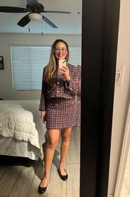 The jacket was structured and paired really well with the skirt. TTS, I would rent again.
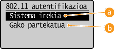 ![]() <Sistema irekia> hautatzean Hari gabeko LAN sare bati konektatzean, makinak autentifikazio-errore bat izango du autentifikazio-gako partekatua hari gabeko routerrean ezarrita badago. Hau gertatzen bada, makinak ezarpena automatikoki hona aldatuko du <Gako partekatua> eta berriz saiatuko da konektatzen. |
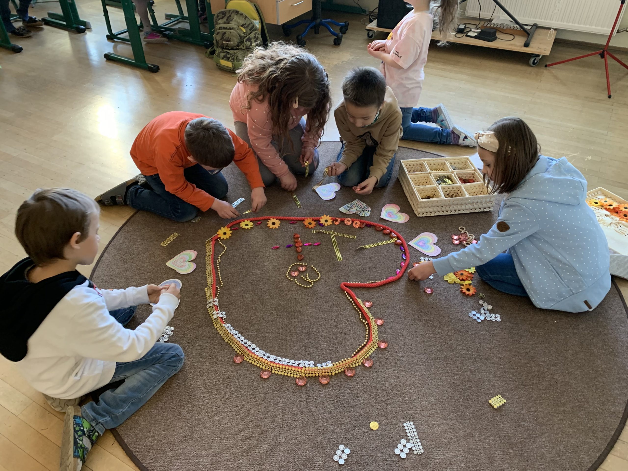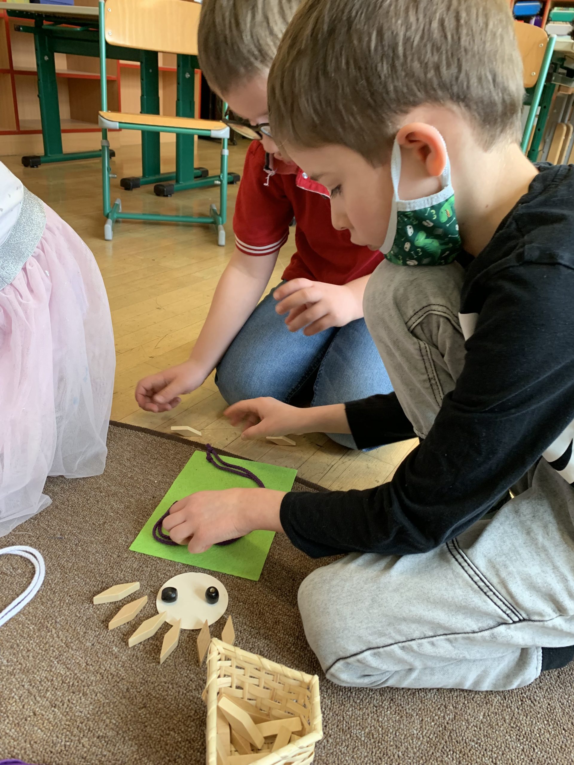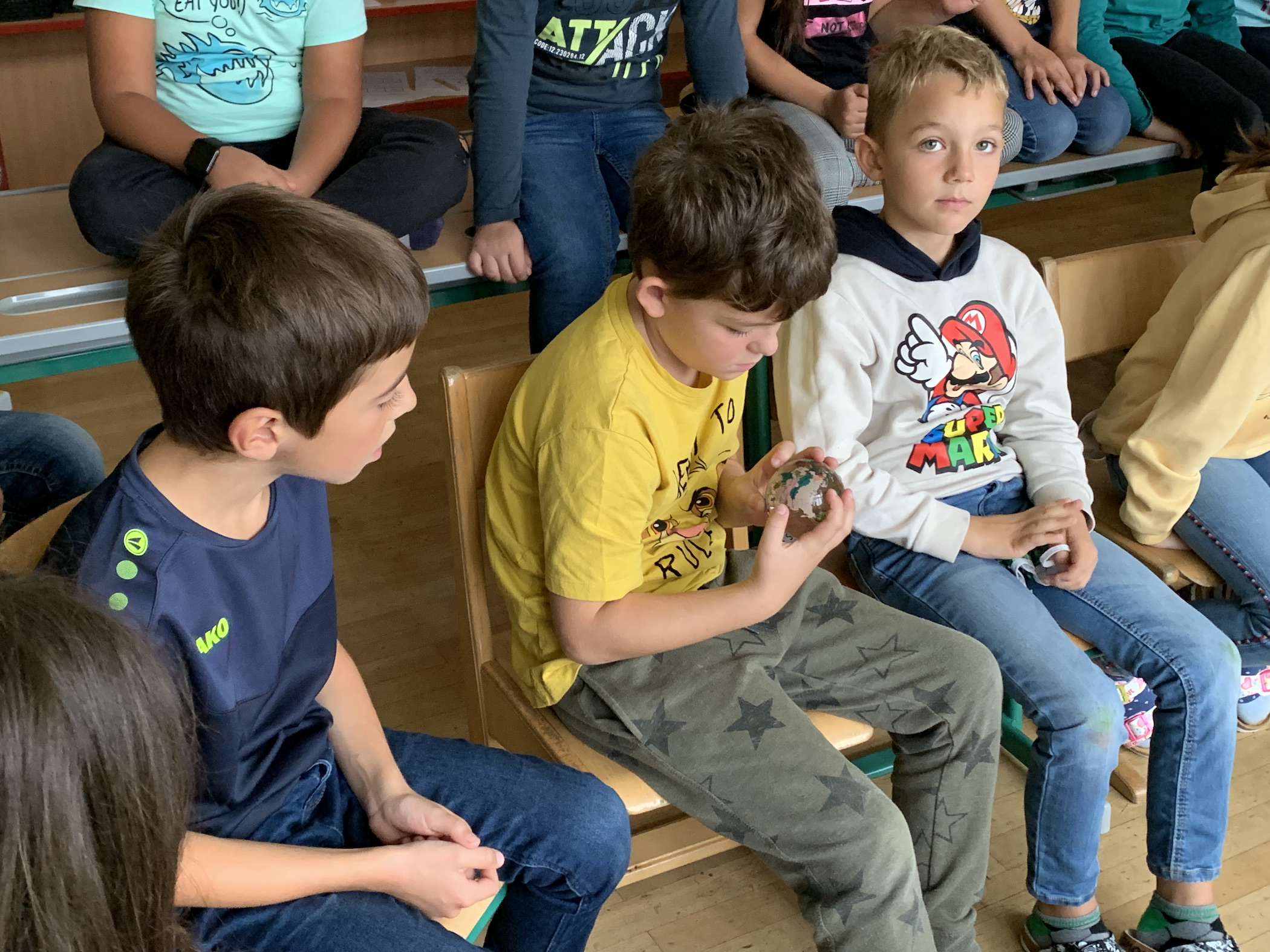 Die Dino- und Giraffenklasse hatten einen Workshop mit Frau Thurnhofer: Anhand der Bilderbuchgeschichte “Mats und die Wundersteine” von Marcus Pfister wurde den Kindern ein bewusster Umgang mit den Schätzen der Natur (be)greifbar gemacht.
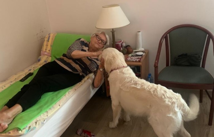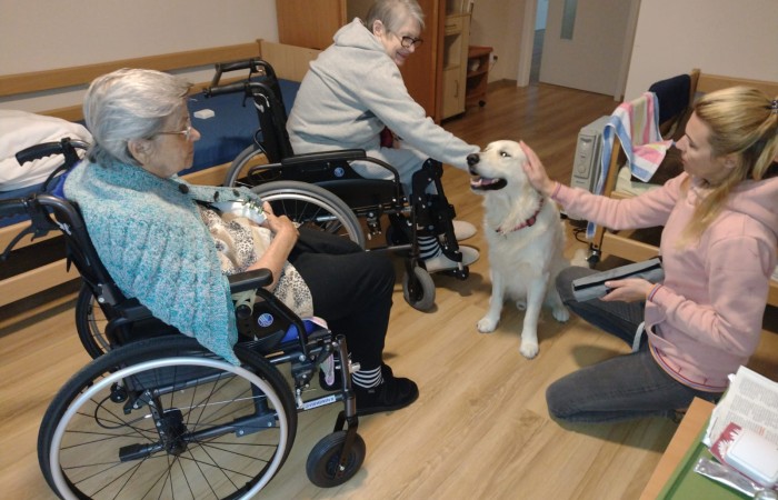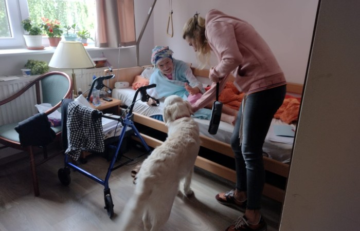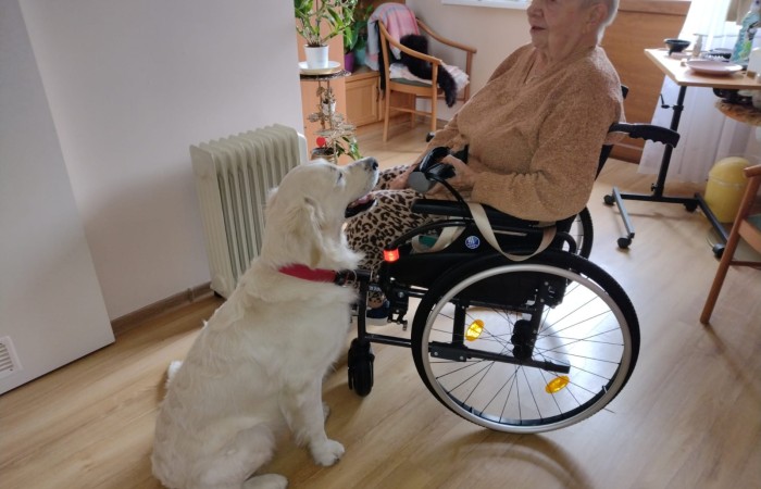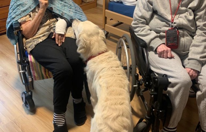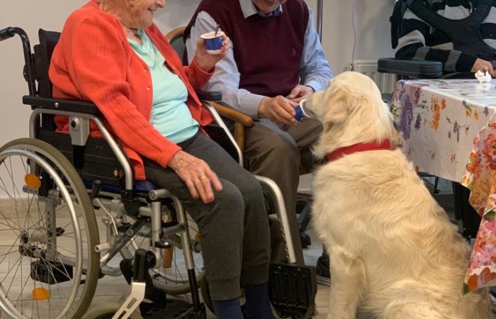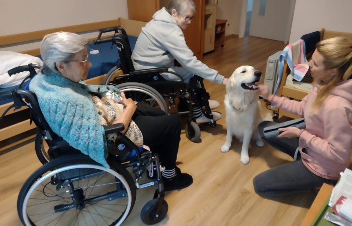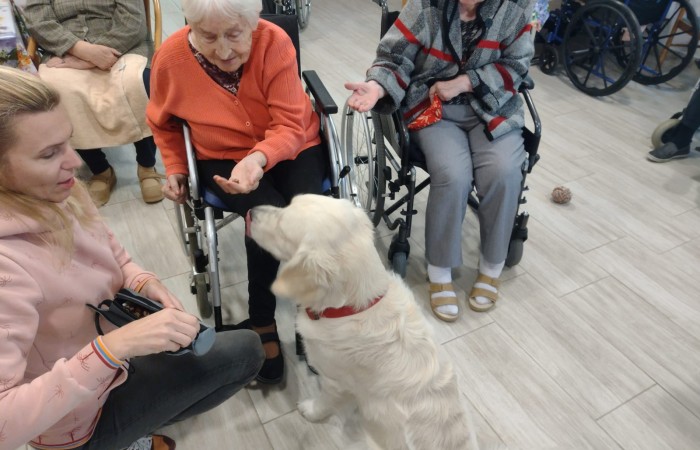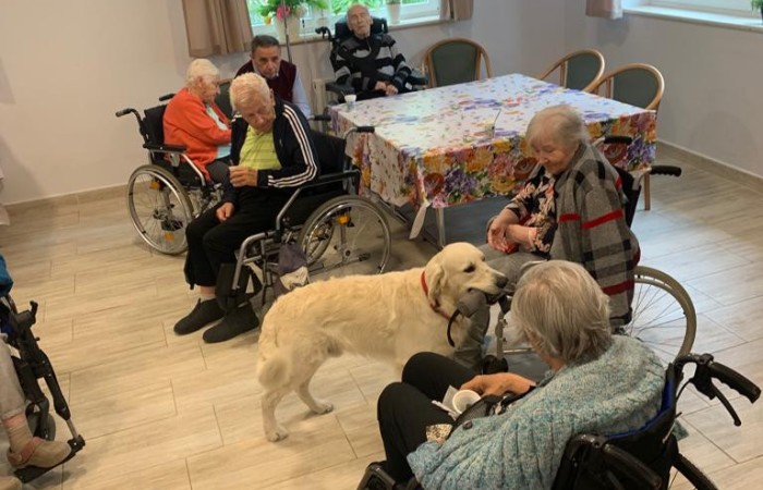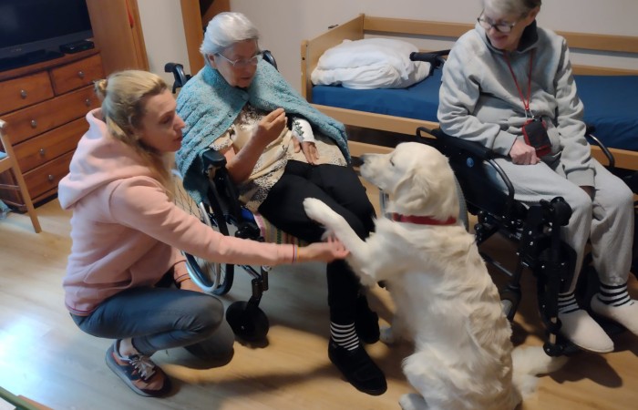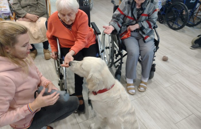 Pies Golden Retriever w odwiedzinach u seniorów
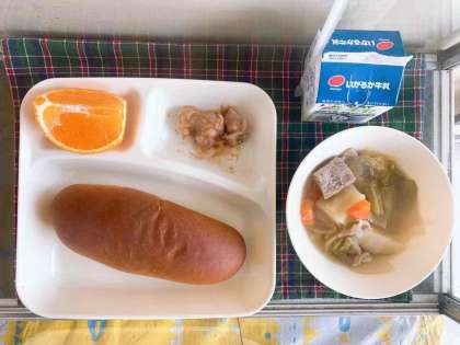 【鶏肉のみそバターソース、スープ煮、デコポン、黒糖パン、牛乳】
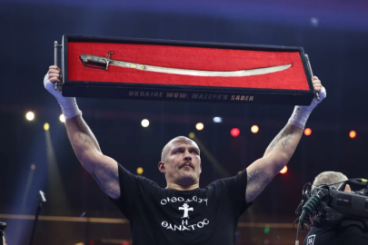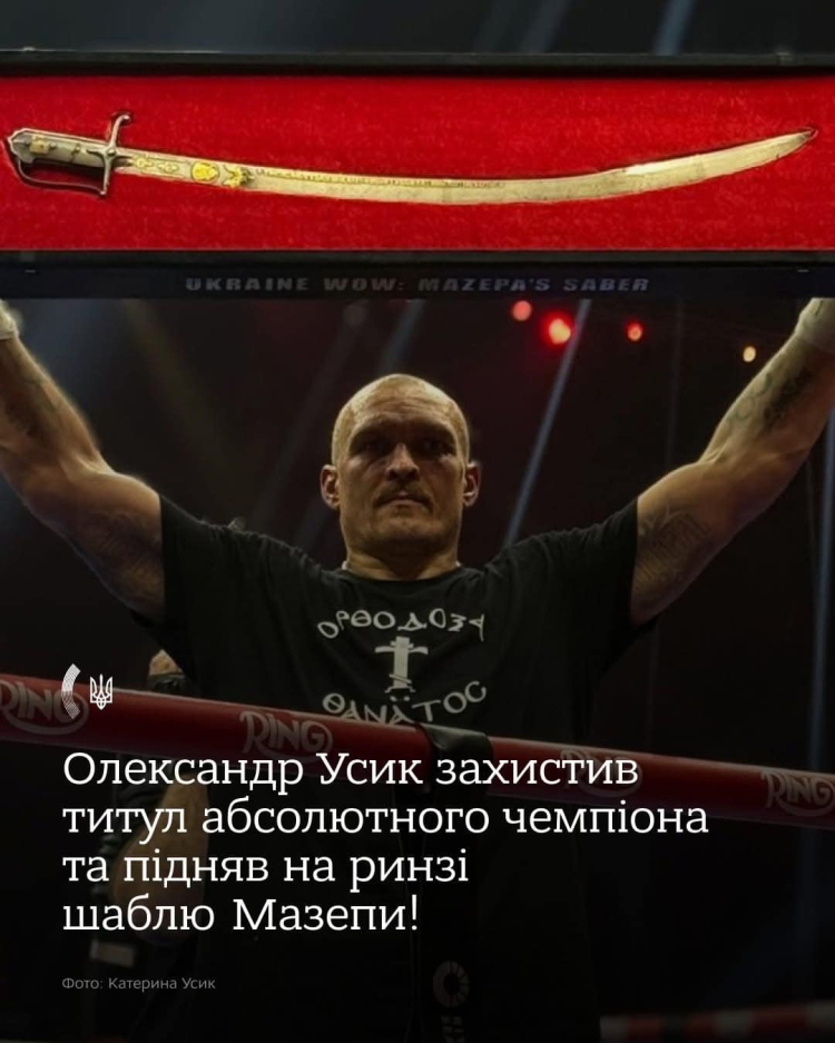 "Ukrayna tarihini aynı anda milyonlarca insan dünyada gördü. Galibiyet dolu maçtan sonra ağır sıklet boks dünya şampiyonu Oleksandr Usık, ringde Hetman İvan Mazepa’nın orijinal kılıcını kaldırdı.
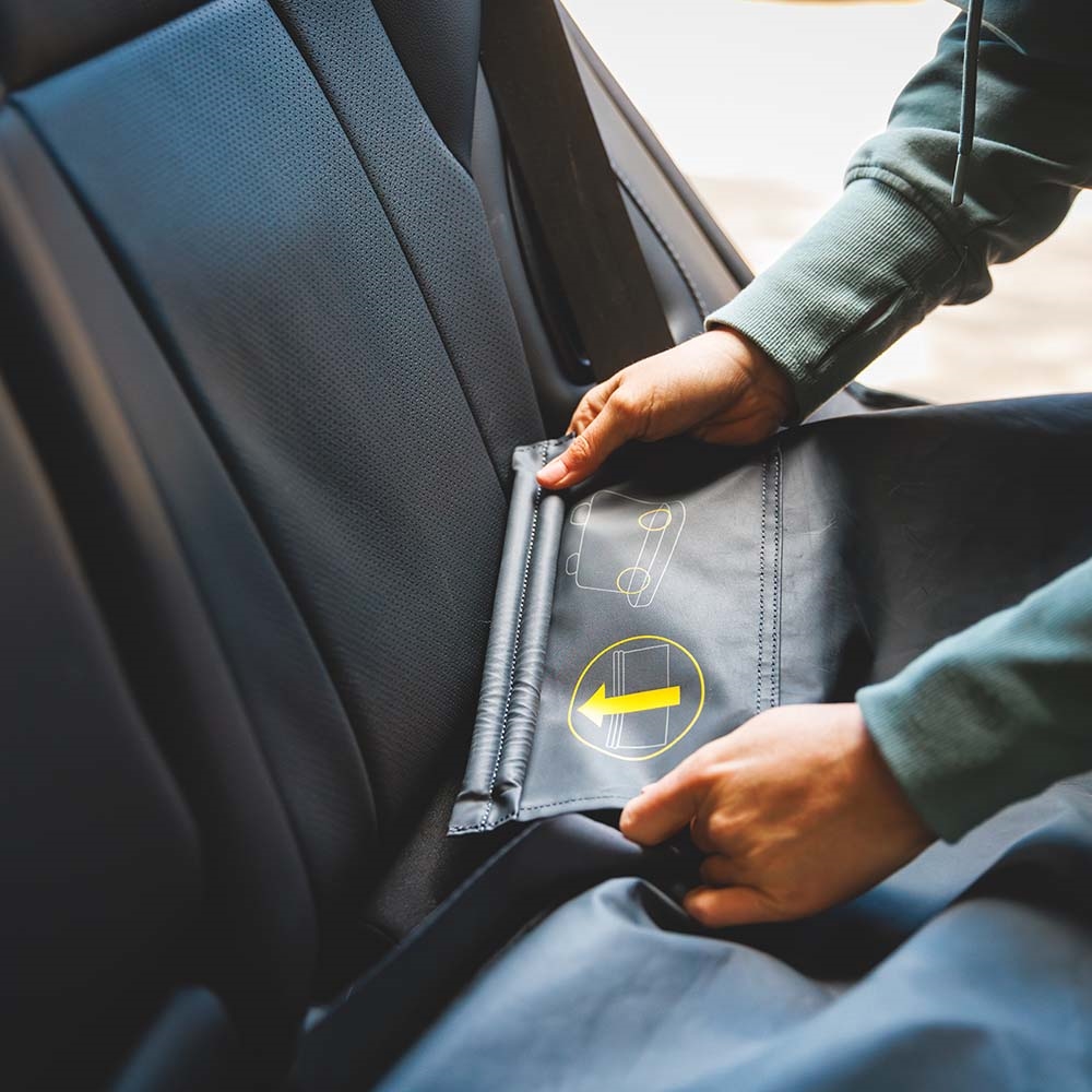 Smart vattentätt överdrag som skyddar bilens baksäte. Lätt att hantera och rengöra.
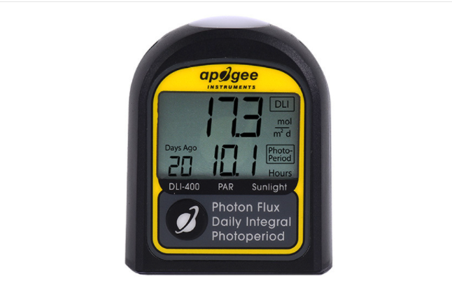 DLI-400測量儀有兩種不同的屏幕模式:存儲數據和實時查看數據。在存儲數據屏幕中,它顯示DLI測量值、光照時間和采集數據的日期(最多99天以前)。實時查看數據屏幕顯示過去2.5秒內PPFD的運行平均值。
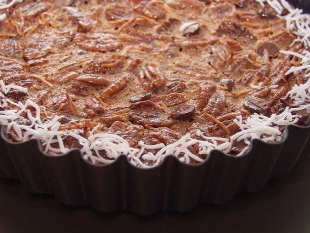 - Пока пирог еще теплый, вдавите в него целые поджаренные орехи пекан в виде декоративного узора.
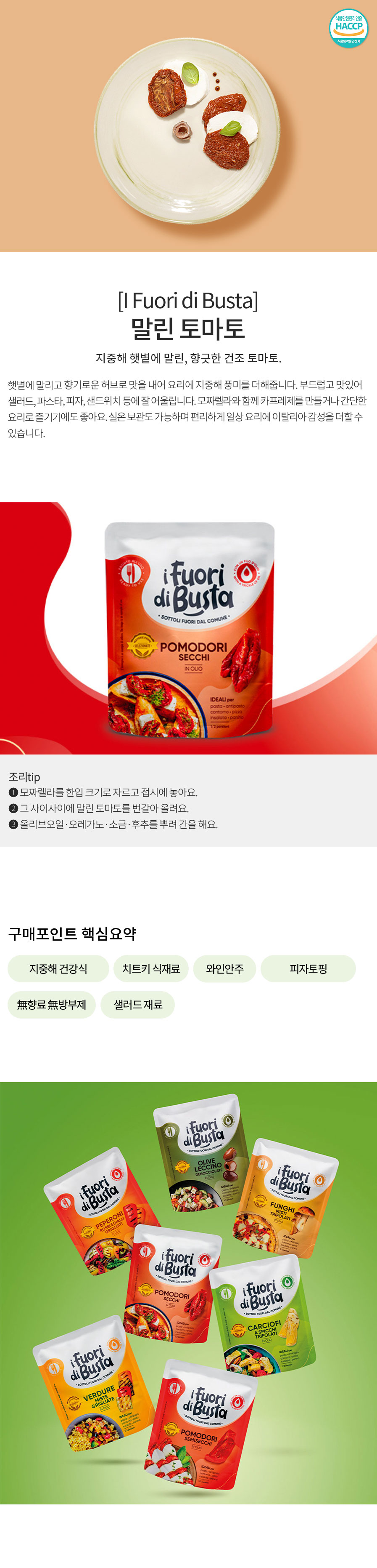 수화건조토마토 90%, 해비라기오일 7%, 식염, 건조마늘량 0.18%, 건조양파 0.18%, 건초오레가노, 건파슬리 0,02%, 비타민C, 구연신
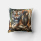Een Indiaanse vrouw zit kalm naast een majestueuze tijger in de buurt van een riviertje, omringd door natuur, en belichaamt een diepe connectie met dieren in het wild.
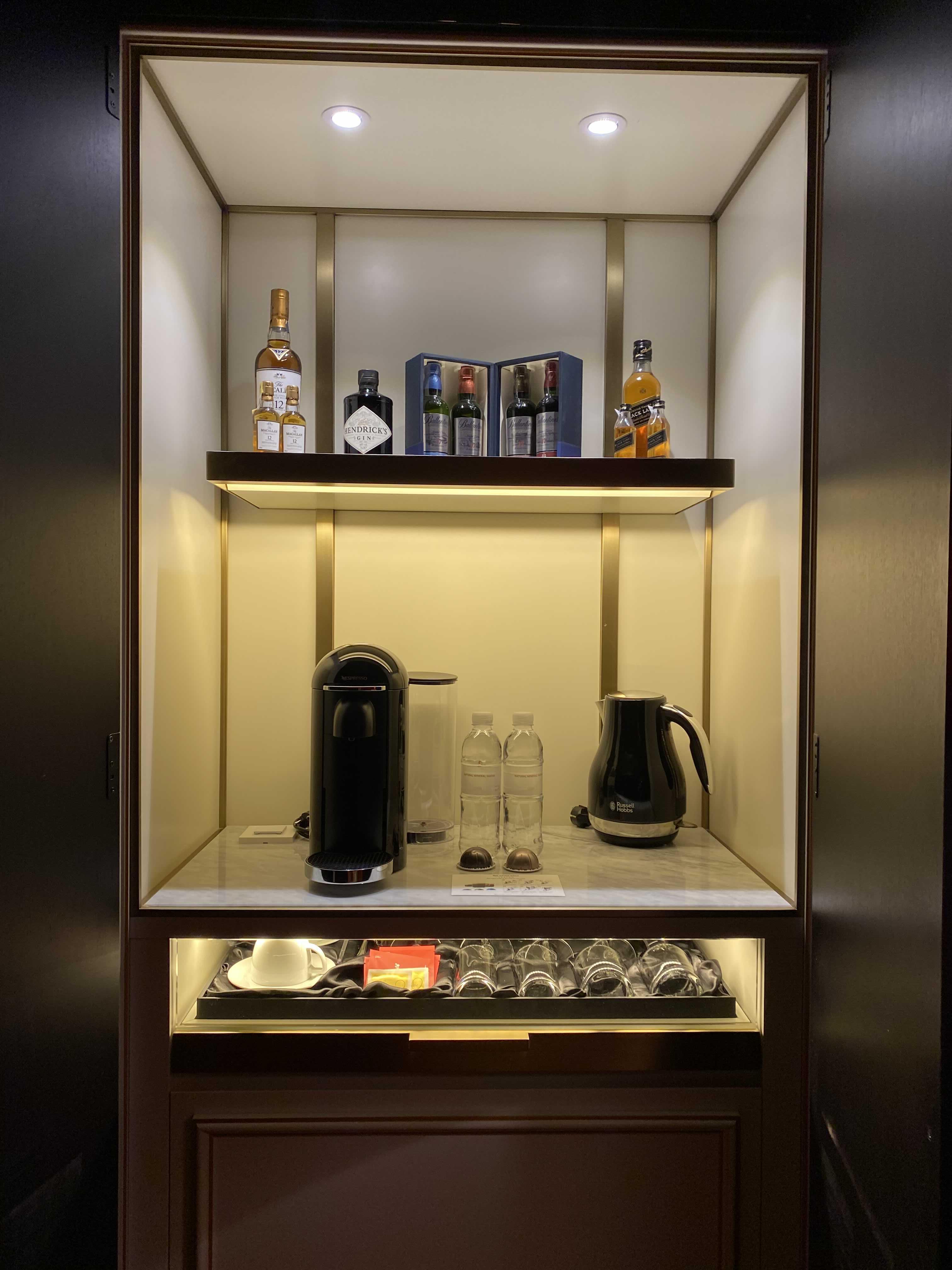 바 서비스입니다!! 물을 제외하고 이용시 돈을 내야한다는거는 다들 알고 계실거에요!! 비싸고 좋은 술도 많고 분위기도 있어요!! 커피머신도 있고 캡슐커피도 주고~~! 와인오프너부터 잔도 따로 정리가 되어 있어요!!

------------

- Task brief: Beginning with the line containing "- Пока пирог" and ending with the last line of the listing above, output those lines exactly as written, without pictures.

- Final answer:
 - Пока пирог еще теплый, вдавите в него целые поджаренные орехи пекан в виде декоративного узора.
 수화건조토마토 90%, 해비라기오일 7%, 식염, 건조마늘량 0.18%, 건조양파 0.18%, 건초오레가노, 건파슬리 0,02%, 비타민C, 구연신
Een Indiaanse vrouw zit kalm naast een majestueuze tijger in de buurt van een riviertje, omringd door natuur, en belichaamt een diepe connectie met dieren in het wild.
 바 서비스입니다!! 물을 제외하고 이용시 돈을 내야한다는거는 다들 알고 계실거에요!! 비싸고 좋은 술도 많고 분위기도 있어요!! 커피머신도 있고 캡슐커피도 주고~~! 와인오프너부터 잔도 따로 정리가 되어 있어요!!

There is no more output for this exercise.